The router should have an option to disable some services like dhcp, dns, etc. look them up in the web-interface.



> Although computers connected to every other portion of the network get reliable DNS lookups, the FreeBSD box does not.



Have a look at /etc/resolv.conf and see it the entries coincide with the actual dns server. If I understood you correctly in the first place, the FreeBSD box connects to the router and as such it will get it's dns IP's from it. See that the IP's in /etc/resolv.conf point to the router dns service.

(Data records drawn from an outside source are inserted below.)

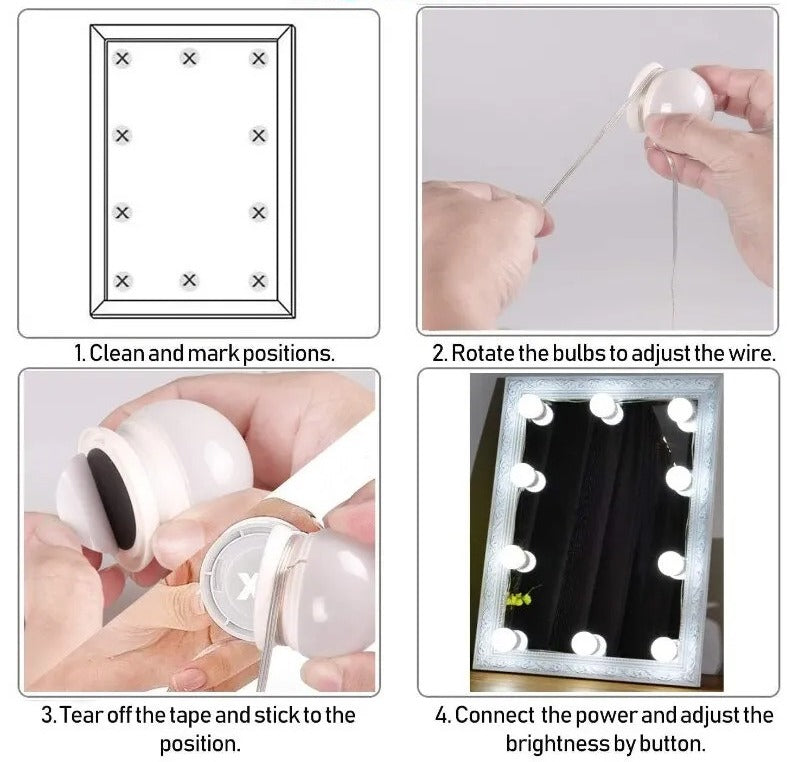 Attaching the lights is simple! We provide easy-to-follow instructions, and no tools are required. Just secure the lights onto your mirror, and you're ready to glow. You can also tuck the wires behind the mirror for a cleaner look.
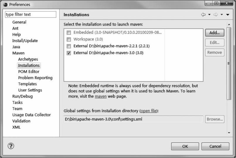 在m2eclipse环境中,单击菜单栏中的Windows,然后选择Preferences,在弹出的对话框中,展开左边的Maven项,选择Installation子项,在右边的面板中,能够看到有一个默认的Embedded Maven安装被选中了。单击Add...按钮,然后选择Maven安装目录M2_HOME,添加完毕之后选择这一个外部的Maven,如图2-14所示。
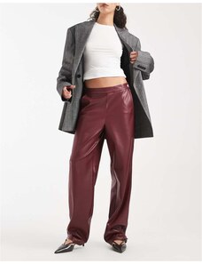 ONLY high waist faux leather straight trousers in burgundy-Red
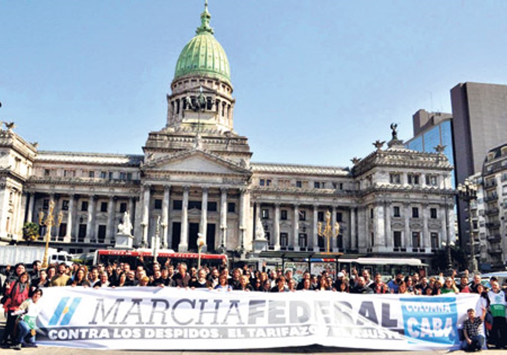 La movilización contra el ajuste macrista partió desde distintos lugares del país. Concluirá mañana frente a la Casa Rosada. Con el plan de recorrer el país para confluir en la Plaza de Mayo, ayer salieron desde las provincias más lejanas a la ciudad de Buenos Aires cinco caravanas de la marcha federal. El rechazo al tarifazo, los despidos y el ajuste son las consignas con las que, como ocurrió en los ‘90 con la marcha federal contra el menemismo, un amplio conjunto de Sindicatos, ahora junto a organizaciones sociales, cooperativas, Pymes, agrupaciones estudiantiles y organismos de derechos humanos salen a confrontar las políticas del PRO.
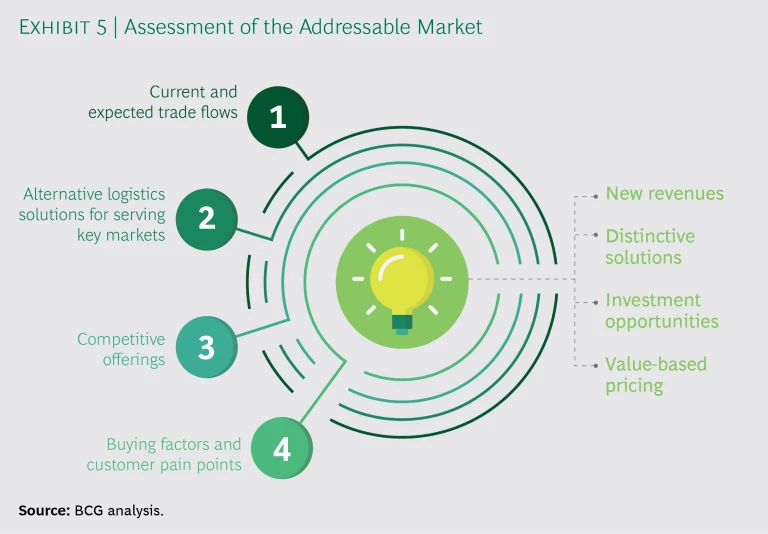 Thoroughly assess the addressable market. Port operators should seek to increase their share of wallet from the shippers they serve today, and they should target new business while avoiding head-to-head competition on handling rates. The best way to start is to conduct a thorough assessment of the end-to-end cargo flows served by the port, as well as the flows it could potentially serve in the future. (See Exhibit 5.) By gaining a deep understanding of the addressable market for additional business from their extended hinterland, operators can determine the winning strategy for their local context. This assessment is essential to developing a competitive, and possibly distinctive, value proposition for serving carriers and shippers.
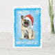 Send Christmas greetings with this card of a cute Norwegian Elkhound puppy wearing a Santa hat amid snowflakes and the words, Happy Howlidays! Great for elkhound-loving family and friends. Have Happy Howlidays!
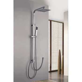 Rociador de acero inox. cuadrado 20x20cm, extraplano, cromado y antical.
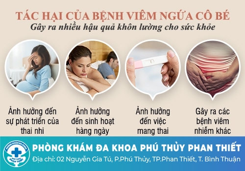 Gây ra các bệnh viêm nhiễm khác: Viêm âm đạo nếu không kịp thời điều trị dễ dẫn đến các bệnh viêm nhiễm khác như: viêm đường tiết niệu, viêm vùng chậu, viêm niêm mạc tử cung. Bên cạnh đó, khi da hoặc niêm mạc trực tiếp hoặc gián tiếp tiếp xúc với mầm bệnh dễ lây nhiễm các bệnh lây truyền qua đường tình dục như: mụn rộp sinh dục, bệnh lậu, giang mai, nấm…

Else, you could use your ISP's dns server IP's and bypass the router completely.


----------



## dewarrn1 (Oct 9, 2010)

Thanks for the reply, DD!  It turns out that my problem was self-inflicted; my pf.conf file was blocking packets from all private networks on the outward-facing interface, resulting in no DNS service from the DSL modem's integrated router.  Everything works after adjusting my pf configuration, so I'll try keeping it this way for a bit.  I may try to restore something more like my old setup later on, though.   Much appreciated!


----------